I am trying to merge two files by Perl.
Codes so far:
my $hash_ref;
open (my $I_fh, "<", "File1.txt") or die $!;
my $line = <$I_fh>;
while ($line = <$I_fh>) {
chomp $line;
my @cols = split ("\t", $line);
my $key = $cols[1];
$hash_ref -> {$key} = \@cols;
}
close $I_fh;
open (my $O_fh, "<", "File2.txt") or die $!;
while ($line = <$O_fh>) {
chomp $line;
my @cols = split ("\t", $line);
my $key = shift (@cols);
push (@{$hash_ref -> {$key}}, @cols);
}
close $O_fh;
open (my $out, ">", "merged.txt") or die $!;
foreach my $key (sort keys %$hash_ref) {
my $row = join ("\t", @{$hash_ref -> {$key}});
print $out "$key\t$row\n";
}
close $out;
I am using print or Dumper function to check every steps. In the terminal windows, everything is fine. However, in my output file (merged txt), the format was changed. I would like to merge two files by adding more columns, not adding more rows. How can I fix codes?
File 1.txt:
Index Name Column1 Column2
1 A1 AB
2 A2 CD
3 B1 EF
4 B2 GH
File 2.txt:
Name Type
A1 1
A2 1
B1 2
B2 1
Merged file:
A1 1 AB
1
A2 2 CD
1
B1 3 EF
2
B2 4 GH
1
Wanted file:
Name Type Column2
A1 1 AB
A2 1 CD
B1 2 EF
B2 1 GH
Assuming the files are sorted based on the name column, this is really easy to do thanks to the join(1) program:
$ join --header -t $'\t' -o 2.1,2.2,1.4 -1 2 -2 1 file1.tsv file2.tsv
Name Type Column2
A1 1 AB
A2 1 CD
B1 2 EF
B2 1 GH
The --header
option is a GNU extension that excludes the first lines of the two files from being joined and treats them as column titles instead. -t
sets the column separator, -o
controls what columns are included in the output (A list of FILE.COLUMN specifiers), and -1
and -2
choose the columns that are used to join the two files.

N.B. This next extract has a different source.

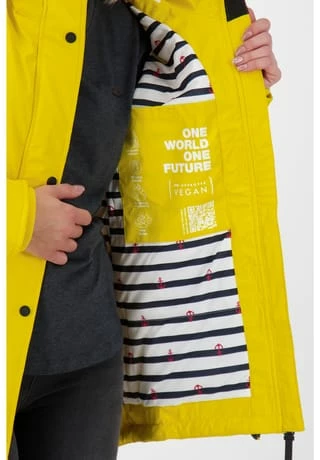 Unsere neue Winterjacke ElmaAK A ist am liebsten in freier Natur unterwegs. Sei es zum gemütlichen Spaziergang mit dem Hund oder auf Entdeckertour mit Freunden! Die Damenjacke im Stil eines Friesennerzes besteht aus wiederstandsfähigem und abwaschbarem Obermaterial und lässt Dich garantiert nicht im Stich, auch wenn Du mal ein bisschen länger unterwegs bist. Die Kapuzenjacke ist warm gefütterte und sorgt damit für ein angenehmes und kuschliges Tragegefühl. Dank eines praktischen durchgehenden Reißverschlusses, der zusätzlich durch eine Sichtblende mit Klettverschluss geschützt ist, kannst Du die Winterjacke für Damen super leicht an- und ausziehen. Eine große Kapuze mit stufenlos regulierbarem Tunnelzug schützt Dich wenn es mal richtig ungemütlich wird. Die beiden äußeren Eingriffstaschen können mit Klettverschluss verschlossen werden und bieten ausreichend Platz für Smartphone & Co. Liebevolle Labeldetails wie Ärmelpatch, Logo-Knöpfe und kleine versteckte Botschaften warten darauf, von Dir entdeckt zu werden. Worauf wartest Du also noch – ElmaAK A von Alife and Kickin, die Damenwinterjacke für viel Zeit in freier Natur.

If they're not sorted, or if you're set on perl, your code looks very very close; besides all the typos and such, you're printing out every column, not just the ones your desired output suggest you care about. Consider:
#!/usr/bin/perl
use warnings;
use strict;
use feature qw/say/;
use autodie;
my %names;
sub read_file {
my ($file, $idx) = @_;
open my $in, "<", $file;
my $header = <$in>;
while (<$in>) {
chomp;
my @F = split /\t/;
push @{$names{$F[$idx]}}, \@F;
}
}
read_file "file1.tsv", 1;
read_file "file2.tsv", 0;
say "Name\tType\tColumn2";
for my $n (sort keys %names) {
my $row = $names{$n};
say "$n\t$row->[1][1]\t$row->[0][3]";
}
I also suspect your strange output might be explained by running your program on data files that use Windows-style line endings when your OS uses Unix-style line endings.